● **EXERCISE OBJECTIVE**
Without the pictures, write the listing below out again, line for line.
★ ★ ★ ★
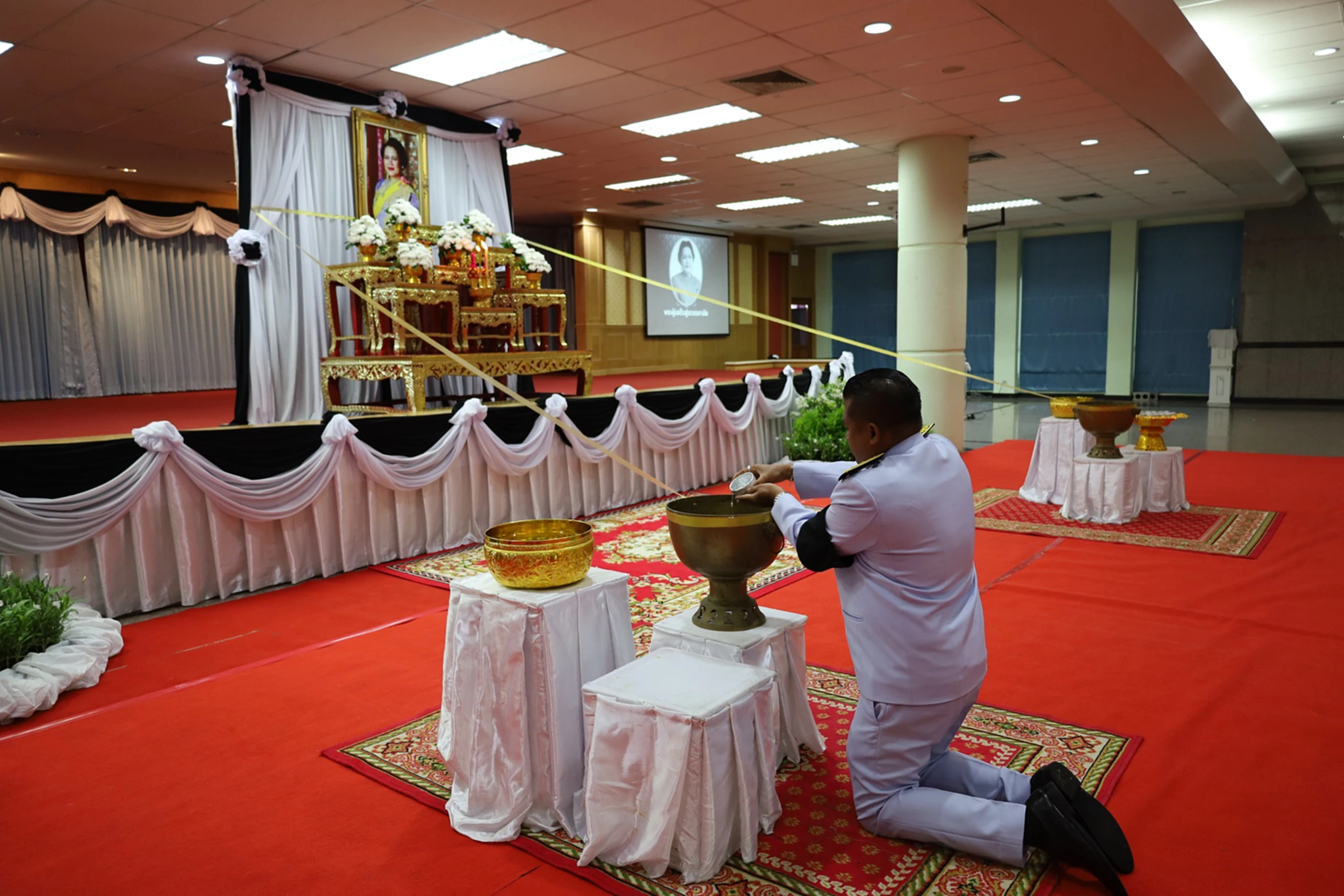 วันที่ 26 ต.ค. 2568 นายสมชาย ลีหล้าน้อย ผู้ว่าราชการจังหวัดนครศรีธรรมราช เป็นประธานในพิธีถวายน้ำสรงพระบรมศพ เบื้องหน้าพระฉายาลักษณ์ สมเด็จพระนางเจ้าสิริกิติ์ พระบรมราชินีนาถ พระราชชนนีพันปีหลวง โดยมีนายกเหล่ากาชาดจังหวัดนครศรีธรรมราช รองผู้ว่าราชการจังหวัด หัวหน้าส่วนราชการ ข้าราชการศาล ทหาร ตำรวจ และพสกนิกรทุกหมู่เหล่า พร้อมใจกันแต่งกายไว้ทุกข์ เข้าร่วมพิธีด้วยความอาลัยอย่างสุดซึ้ง ณ โรงละครองค์การบริหารส่วนจังหวัดนครศรีธรรมราช ภายในพิธี ผู้ว่าราชการจังหวัดฯ และผู้ร่วมงานได้ร่วมถวายน้ำสรงพระบรมศพเบื้องหน้าพระฉายาลักษณ์ และลงนามถวายอาลัย เพื่อน้อมรำลึกในพระมหากรุณาธิคุณอันหาที่สุดมิได้ จังหวัดนครศรีธรรมราชได้จัดให้ประชาชนทุกหมู่เหล่าเข้าร่วมถวายน้ำสรงพระบรมศพเบื้องหน้าพระฉายาลักษณ์ได้ตั้งแต่เวลา 08.00 น. ถึง 16.00 น. ของวันนี้ และเปิดให้ลงนามถวายความอาลัยได้ทุกวัน
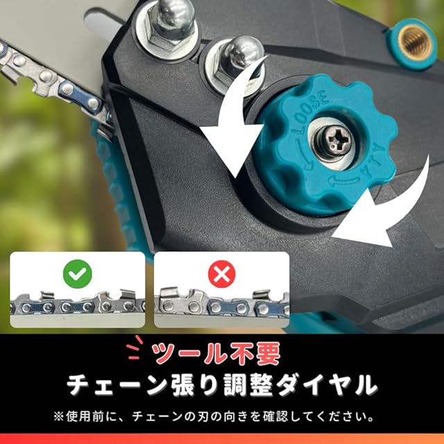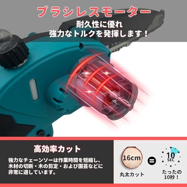 ✅【ハイパワーブラシレスモーター搭載】560m/minの高速チェーンスピードを実現。最大切断径20cmに対応し、太い丸太も素早く切断可能。効率的な作業を実現するブラシレスモーターは耐久性と信頼性も兼ね備えています。
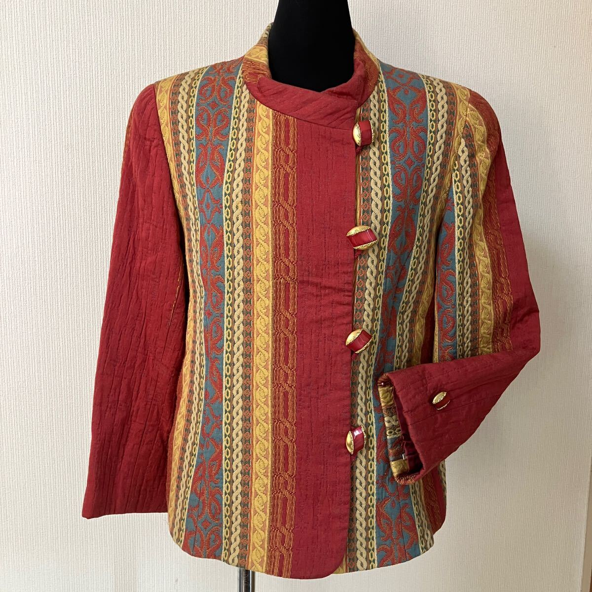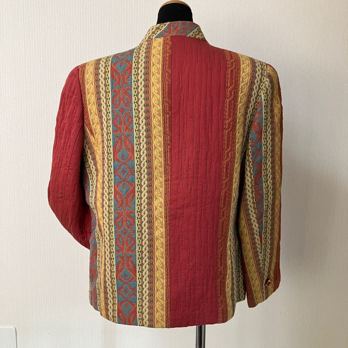 赤と多色のストライプが特徴のスタンドカラージャケット。
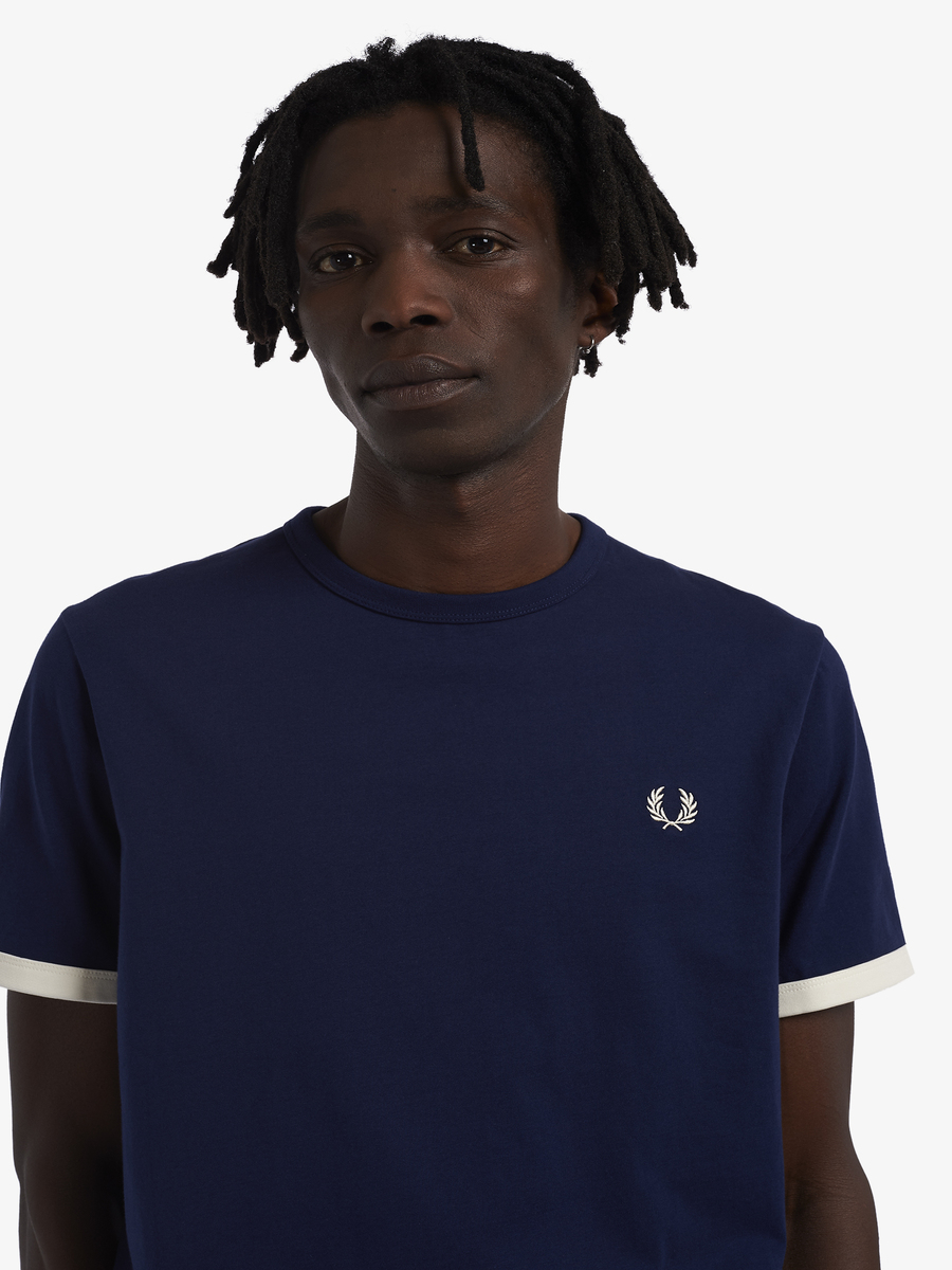 Cotton jersey / Regular fit / Rib neck and cuffOriginally worn as sports training gear, the ringer t-shirt was later adopted into the subcultural uniform.
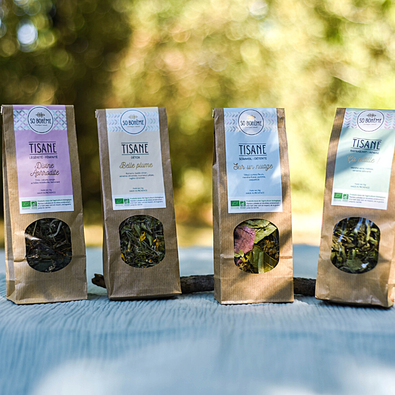 Cultivées et récoltées dans le Luberon, ces plantes sont chouchoutées par les soins de la tisanière qui respect leurs rythmes de vie dans un cadre sauvage.
★ ★ ★ ★
● **EXERCISE RESPONSE**
 วันที่ 26 ต.ค. 2568 นายสมชาย ลีหล้าน้อย ผู้ว่าราชการจังหวัดนครศรีธรรมราช เป็นประธานในพิธีถวายน้ำสรงพระบรมศพ เบื้องหน้าพระฉายาลักษณ์ สมเด็จพระนางเจ้าสิริกิติ์ พระบรมราชินีนาถ พระราชชนนีพันปีหลวง โดยมีนายกเหล่ากาชาดจังหวัดนครศรีธรรมราช รองผู้ว่าราชการจังหวัด หัวหน้าส่วนราชการ ข้าราชการศาล ทหาร ตำรวจ และพสกนิกรทุกหมู่เหล่า พร้อมใจกันแต่งกายไว้ทุกข์ เข้าร่วมพิธีด้วยความอาลัยอย่างสุดซึ้ง ณ โรงละครองค์การบริหารส่วนจังหวัดนครศรีธรรมราช ภายในพิธี ผู้ว่าราชการจังหวัดฯ และผู้ร่วมงานได้ร่วมถวายน้ำสรงพระบรมศพเบื้องหน้าพระฉายาลักษณ์ และลงนามถวายอาลัย เพื่อน้อมรำลึกในพระมหากรุณาธิคุณอันหาที่สุดมิได้ จังหวัดนครศรีธรรมราชได้จัดให้ประชาชนทุกหมู่เหล่าเข้าร่วมถวายน้ำสรงพระบรมศพเบื้องหน้าพระฉายาลักษณ์ได้ตั้งแต่เวลา 08.00 น. ถึง 16.00 น. ของวันนี้ และเปิดให้ลงนามถวายความอาลัยได้ทุกวัน
 ✅【ハイパワーブラシレスモーター搭載】560m/minの高速チェーンスピードを実現。最大切断径20cmに対応し、太い丸太も素早く切断可能。効率的な作業を実現するブラシレスモーターは耐久性と信頼性も兼ね備えています。
 赤と多色のストライプが特徴のスタンドカラージャケット。
 Cotton jersey / Regular fit / Rib neck and cuffOriginally worn as sports training gear, the ringer t-shirt was later adopted into the subcultural uniform.
 Cultivées et récoltées dans le Luberon, ces plantes sont chouchoutées par les soins de la tisanière qui respect leurs rythmes de vie dans un cadre sauvage.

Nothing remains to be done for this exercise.